Copy without pictures. Please restate each line of the listing exactly.

(Data for this task):
▬▬▬
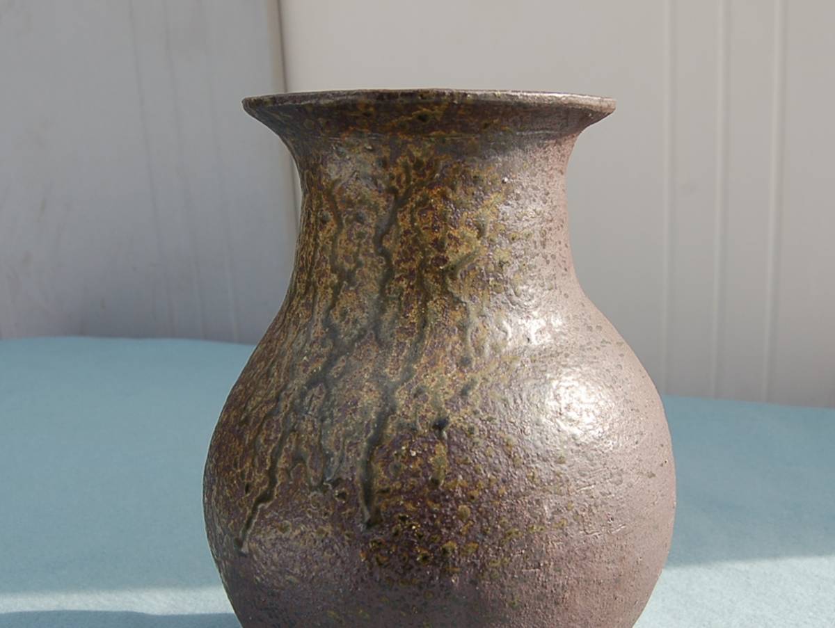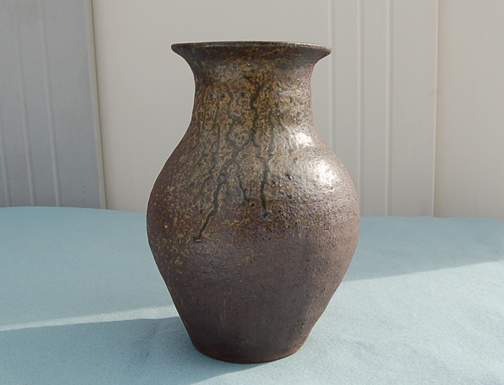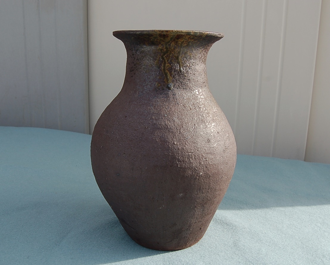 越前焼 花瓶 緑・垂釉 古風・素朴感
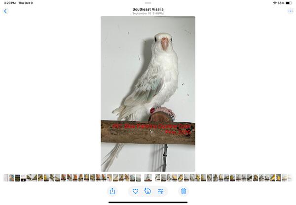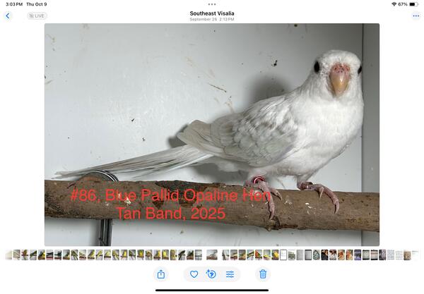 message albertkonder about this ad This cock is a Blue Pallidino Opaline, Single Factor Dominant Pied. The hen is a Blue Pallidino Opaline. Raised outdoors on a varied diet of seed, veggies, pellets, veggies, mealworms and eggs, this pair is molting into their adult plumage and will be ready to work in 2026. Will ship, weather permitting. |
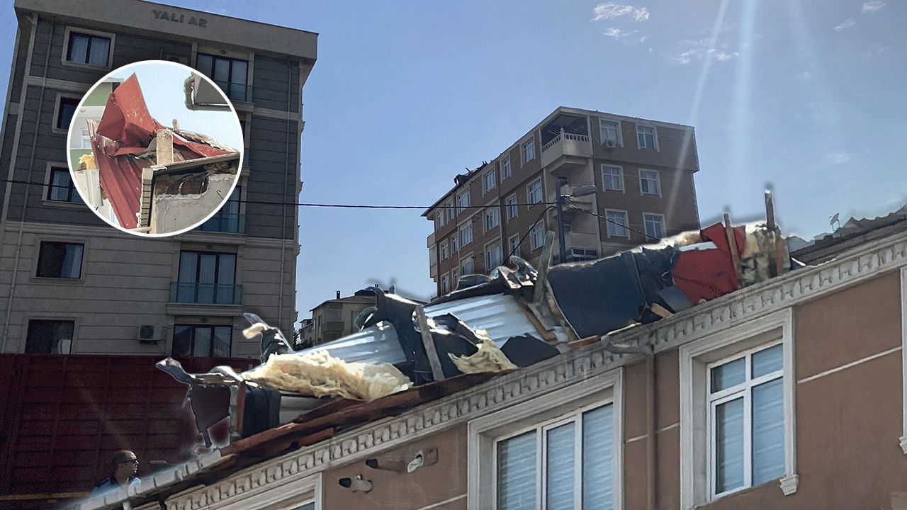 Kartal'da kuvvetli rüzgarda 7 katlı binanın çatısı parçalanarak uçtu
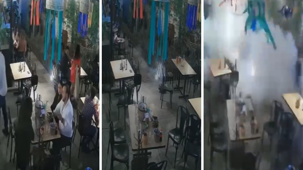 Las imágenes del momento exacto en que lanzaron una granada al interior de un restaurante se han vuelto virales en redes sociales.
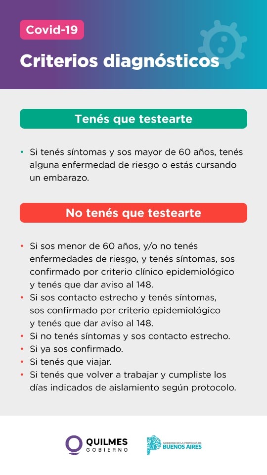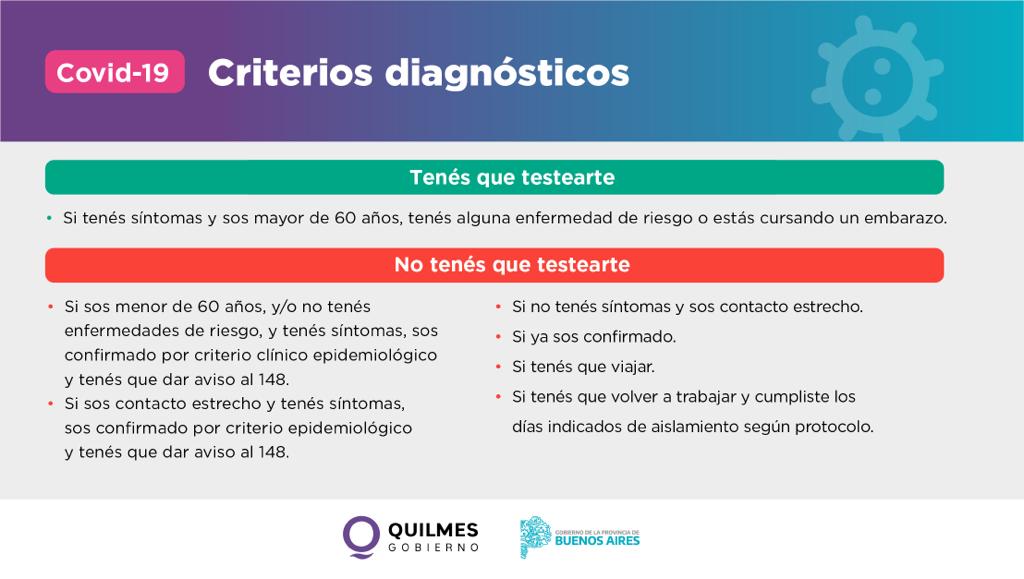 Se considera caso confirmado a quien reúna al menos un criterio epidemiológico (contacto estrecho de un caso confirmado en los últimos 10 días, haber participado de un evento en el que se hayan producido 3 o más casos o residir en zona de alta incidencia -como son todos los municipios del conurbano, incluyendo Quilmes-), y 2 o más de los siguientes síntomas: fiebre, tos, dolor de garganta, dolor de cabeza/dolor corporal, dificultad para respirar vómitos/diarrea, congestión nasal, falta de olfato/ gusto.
▬▬▬
(Exercise solution):
 越前焼 花瓶 緑・垂釉 古風・素朴感
 message albertkonder about this ad This cock is a Blue Pallidino Opaline, Single Factor Dominant Pied. The hen is a Blue Pallidino Opaline. Raised outdoors on a varied diet of seed, veggies, pellets, veggies, mealworms and eggs, this pair is molting into their adult plumage and will be ready to work in 2026. Will ship, weather permitting. |
 Kartal'da kuvvetli rüzgarda 7 katlı binanın çatısı parçalanarak uçtu
 Las imágenes del momento exacto en que lanzaron una granada al interior de un restaurante se han vuelto virales en redes sociales.
 Se considera caso confirmado a quien reúna al menos un criterio epidemiológico (contacto estrecho de un caso confirmado en los últimos 10 días, haber participado de un evento en el que se hayan producido 3 o más casos o residir en zona de alta incidencia -como son todos los municipios del conurbano, incluyendo Quilmes-), y 2 o más de los siguientes síntomas: fiebre, tos, dolor de garganta, dolor de cabeza/dolor corporal, dificultad para respirar vómitos/diarrea, congestión nasal, falta de olfato/ gusto.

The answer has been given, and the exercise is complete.